FDP und Grüne fordern Stopp der Überwachungspläne für Smarthome-Geräte

Die Daten von Sprachassistenten wie Amazons Alexa interessieren jetzt auch die deutschen Innenminmister.
Bild: Elaine Thompson/AP, dpa

Exklusiv Die Innenminister der Länder denken darüber nach, Smarthome-Geräte wie Alexa abzuhören. Die FDP fordert jetzt das Justizministerium zum Handeln auf.

Vor der Innenministerkonferenz von Bund und Ländern wächst die Kritik an einem möglichen staatlichen Zugriff auf Daten digitaler Sprachassistenten. „Die Überwachung des privaten Wohnraums durch digitale Geräte wie Alexa ist ein unverhältnismäßiger Eingriff in die Unverletzlichkeit der Wohnung“, sagte der FDP-Innenexperte  Konstantin Kuhle unserer Redaktion. „Die Innenminister dürfen bei der Prüfung der Beweissicherung in der digitalen Welt keinen immer weiter reichenden Abbau der Privatsphäre betreiben“, betonte er. Der FDP-Abgeordnete forderte vom SPD-geführten Bundesjustizministerium, „den weitreichenden Überwachungsplänen der Innenminister eine Absage“ zu erteilen.

Grüne werfen der Bundesregierung Untätigkeit bei der IT-Sicherheit vor

Auch der Grünen-Innenexperte Konstantin von Notz kritisierte die Pläne. „Die jüngsten Überlegungen von Horst Seehofer, digitale Spuren von internetfähigen Geräten in Privathaushalten auch als Beweismittel vor Gericht zu verwenden, sind bestenfalls extrem unausgegoren“, sagte der Grünen Politiker unserer Redaktion.

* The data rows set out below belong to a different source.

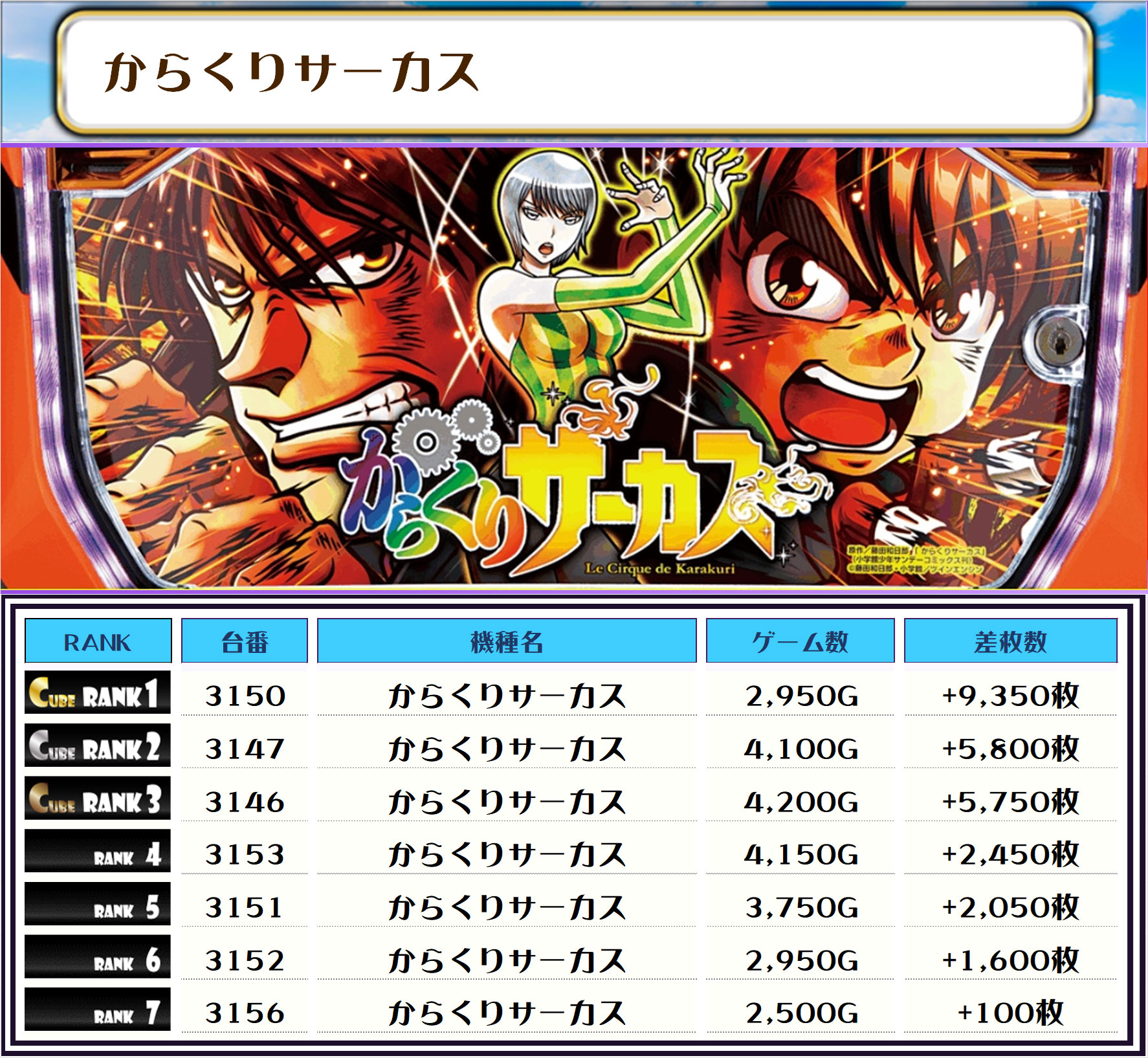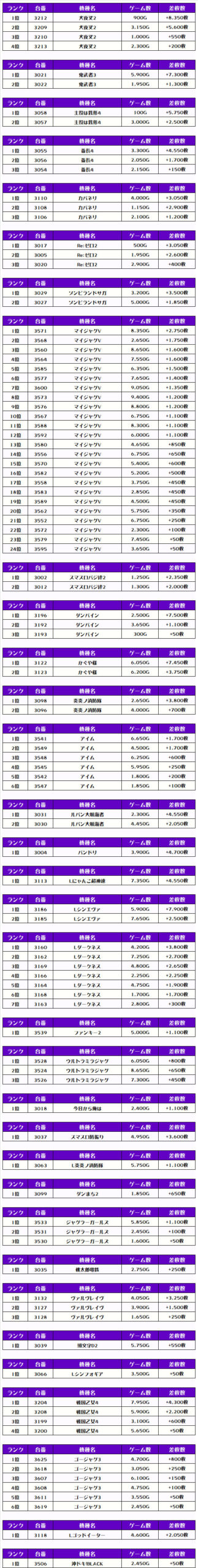 それでは早速、この日の模様を【差枚ランキング形式】で見ていくでやんすよ❗️
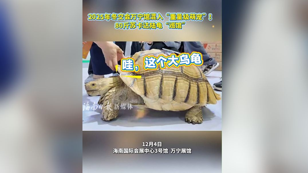 2025年冬交会万宁馆混入“重量级萌宠”,80斤苏卡达陆龟“巡馆”!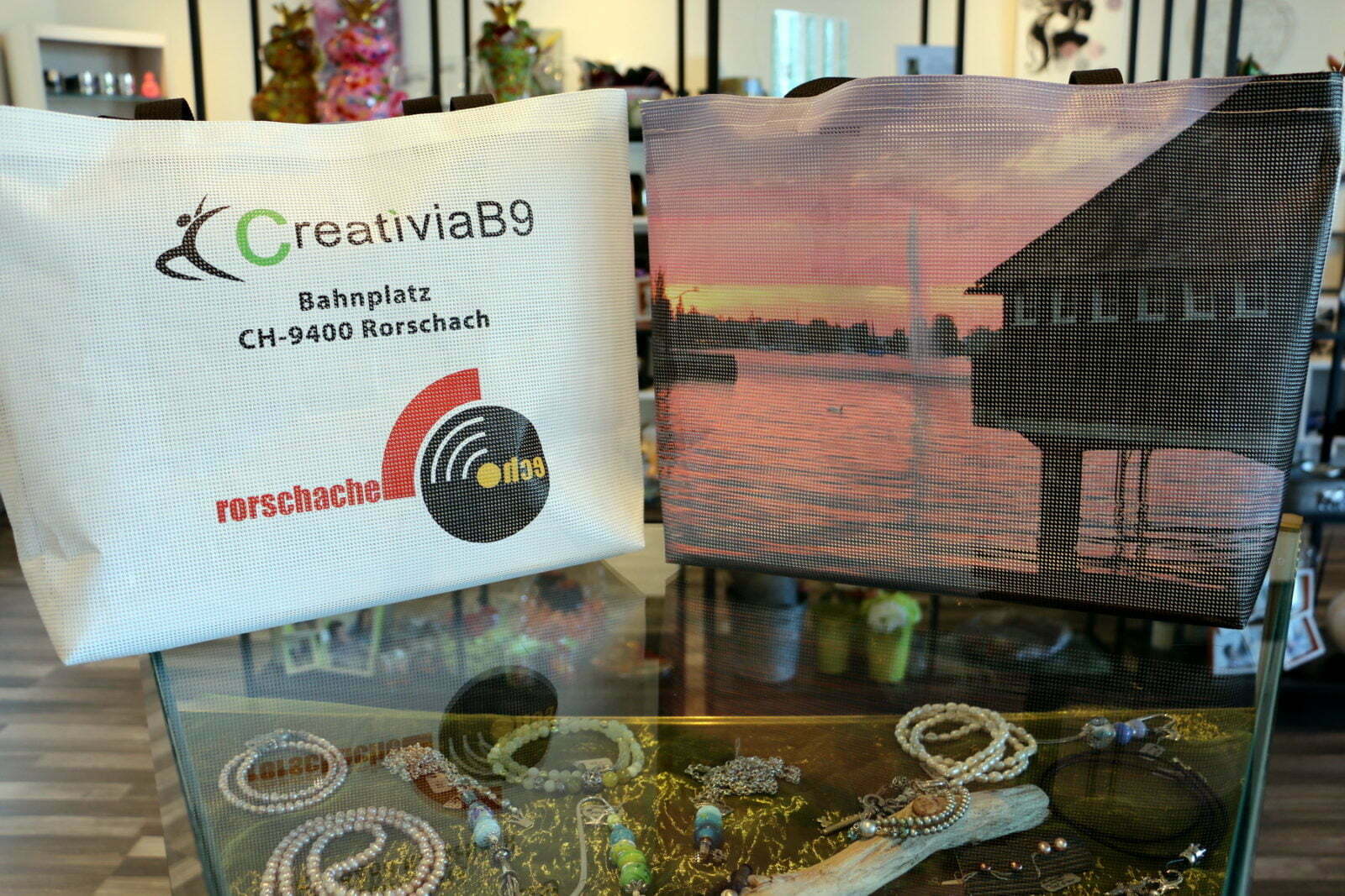 Die Idee mit so einer Freizeittasche und ein bisschen Werbung in eigener Sache und vor allem mit der Idee, unser Rorschach zu zeigen, greift um sich. Zusammen mit der Geschenksboutique CreativiaB9 am Bahnplatz beim Hafenbahnhof sind neue Exemplare eingetroffen, die ab sofort in der CreativiaB9 zu beziehen sind. Eine Tasche kostet Fr. 29.90.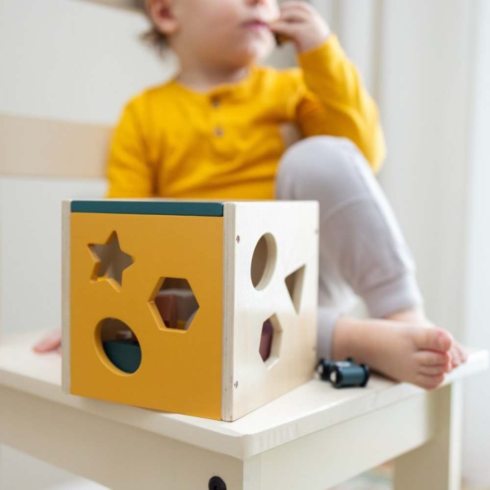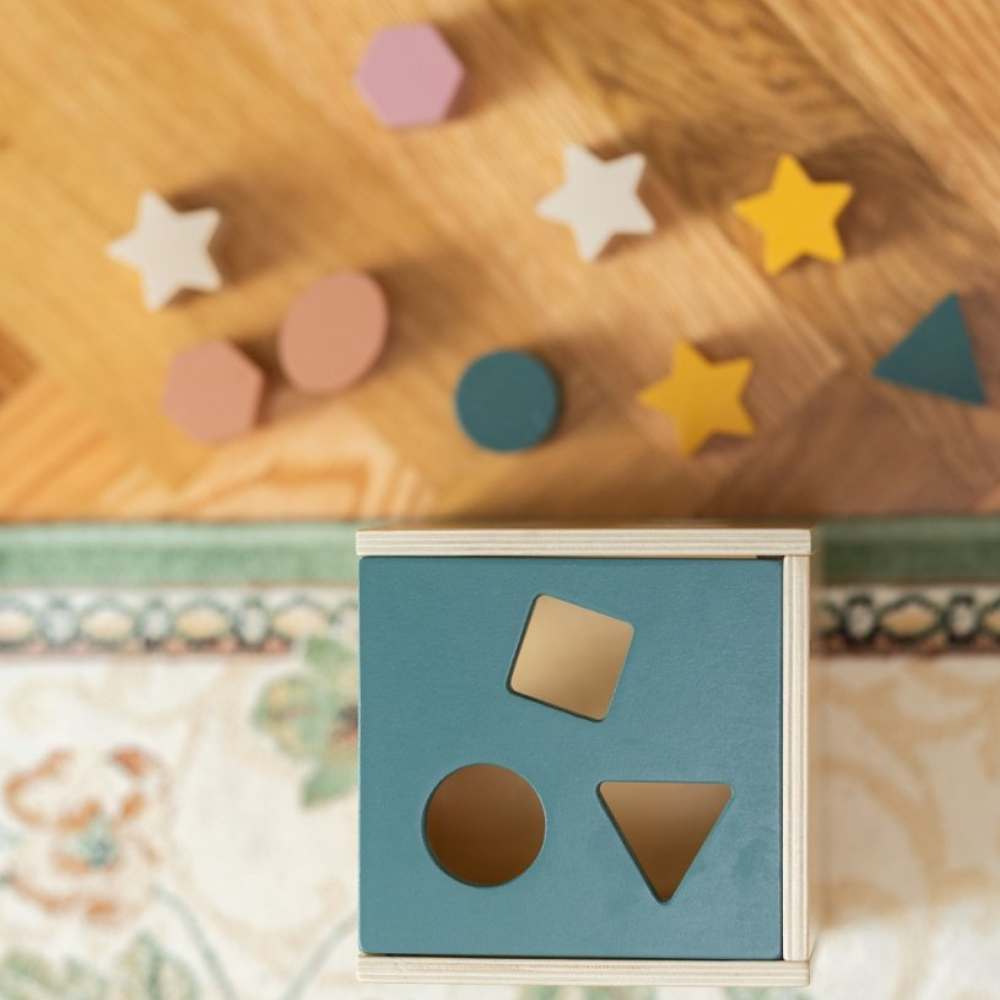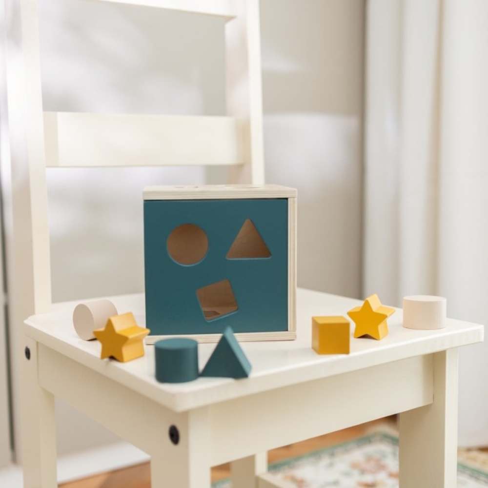 Set uključuje drvenu kocku s četiri strane za sortiranje i 12 šarenih blokova različitih oblika , poput trokuta, zvijezde, kvadrata, romba ili kruga.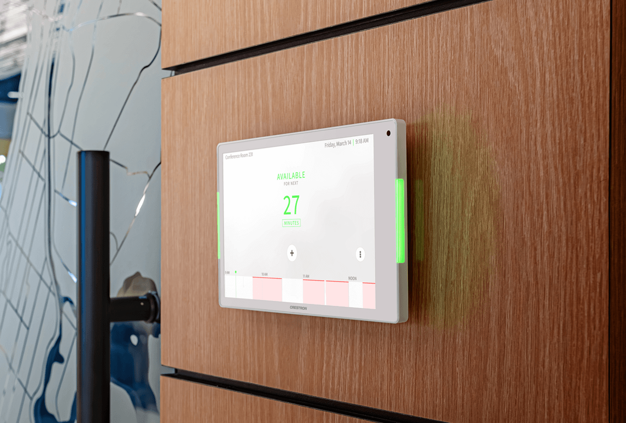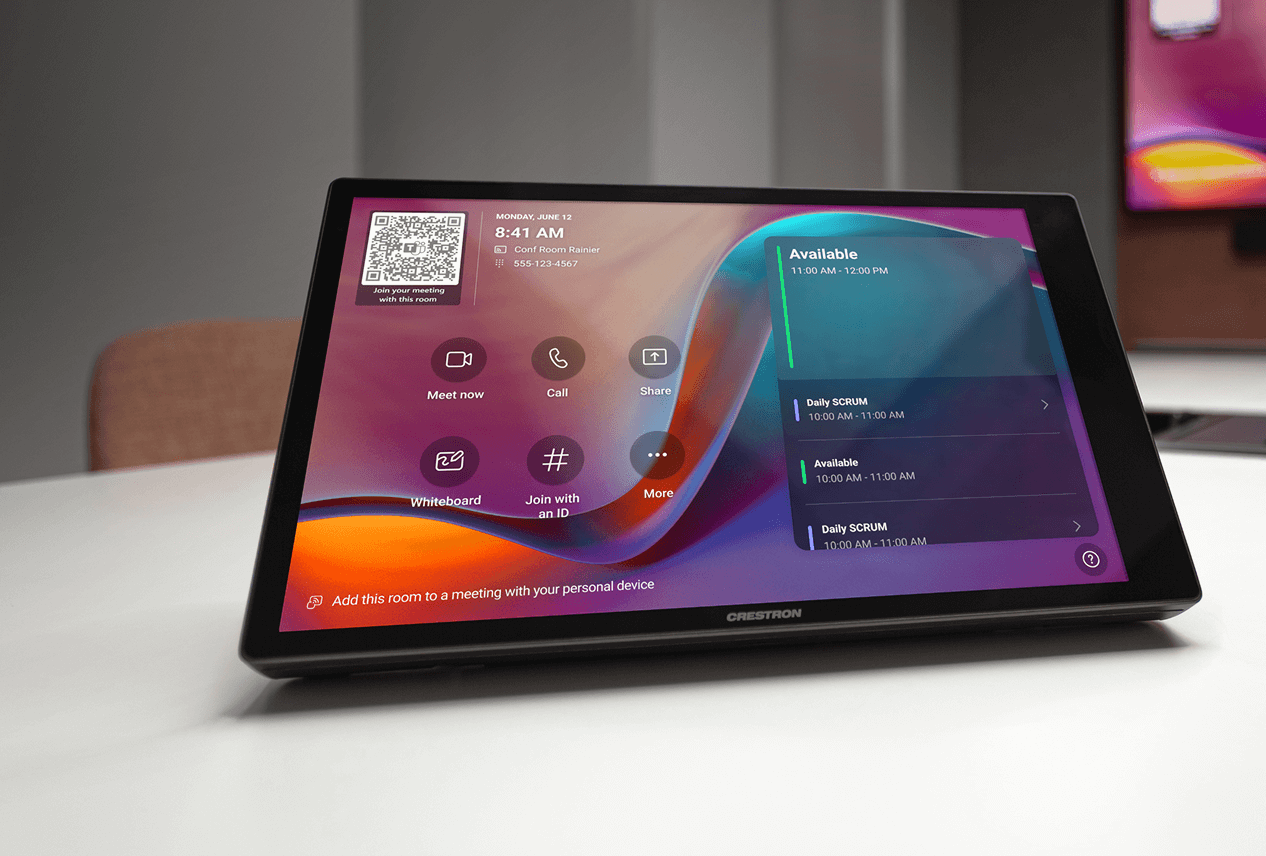 Performance has seen a significant upgrade, too: The 80 Series Touch Screens boast Crestron’s fastest processor yet — and radar-based proximity sensing that “wakes” the device when someone approaches, with no need to touch or tap. A new ambient light sensor automatically adjusts the screen brightness for optimal visibility and comfort in any lighting condition. As for sound, these devices include upgraded audio and intercom features, including far-field microphones and premium speakers, as well as a microphone mute button with an indicator that provides users with instant control over their privacy. Every device includes an Ethernet port with PoE and PoE+ for clean, single-cable installation and reliable wired performance. Wi-Fi® connectivity is available, too.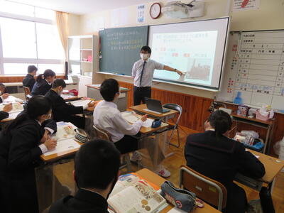 2022年1月20日 15時10分社会科担当の武尾先生が研究授業を行いました。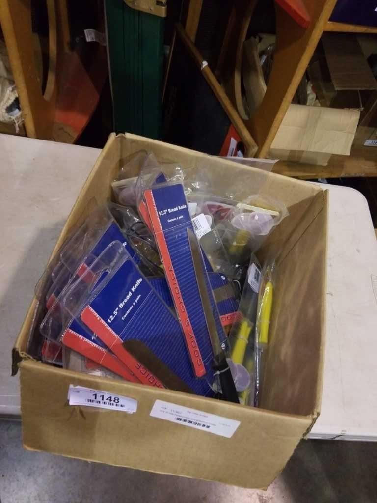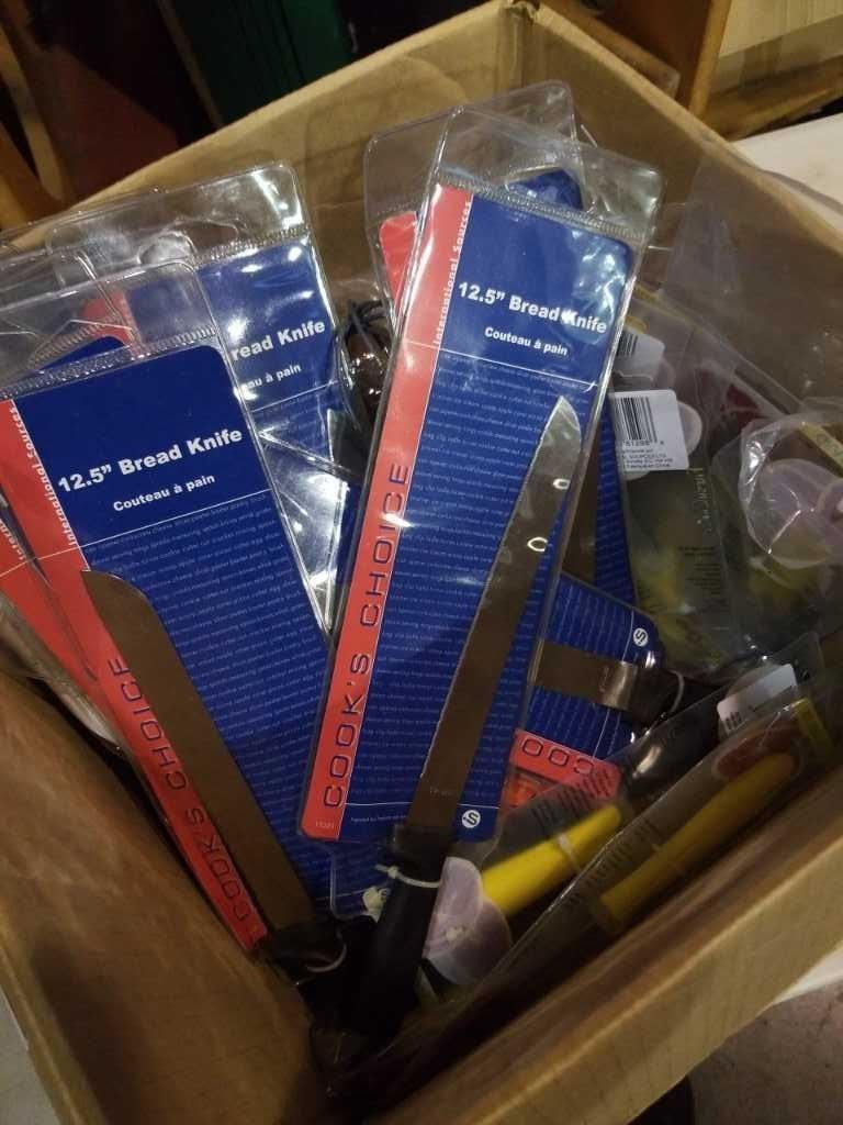 Box of new bread knives and grapefruit knives

Von Notz warf der Bundesregierung zugleich Untätigkeit bei der Sicherheit von Geräten für das sogenannte Internet der Dinge vor. „Statt millionenfacher Wanzen und unsicheren Smart-Home-Geräten im privatesten Lebensbereich brauchen wir sichere Geräte und klare rechtliche Vorgaben“, betonte er.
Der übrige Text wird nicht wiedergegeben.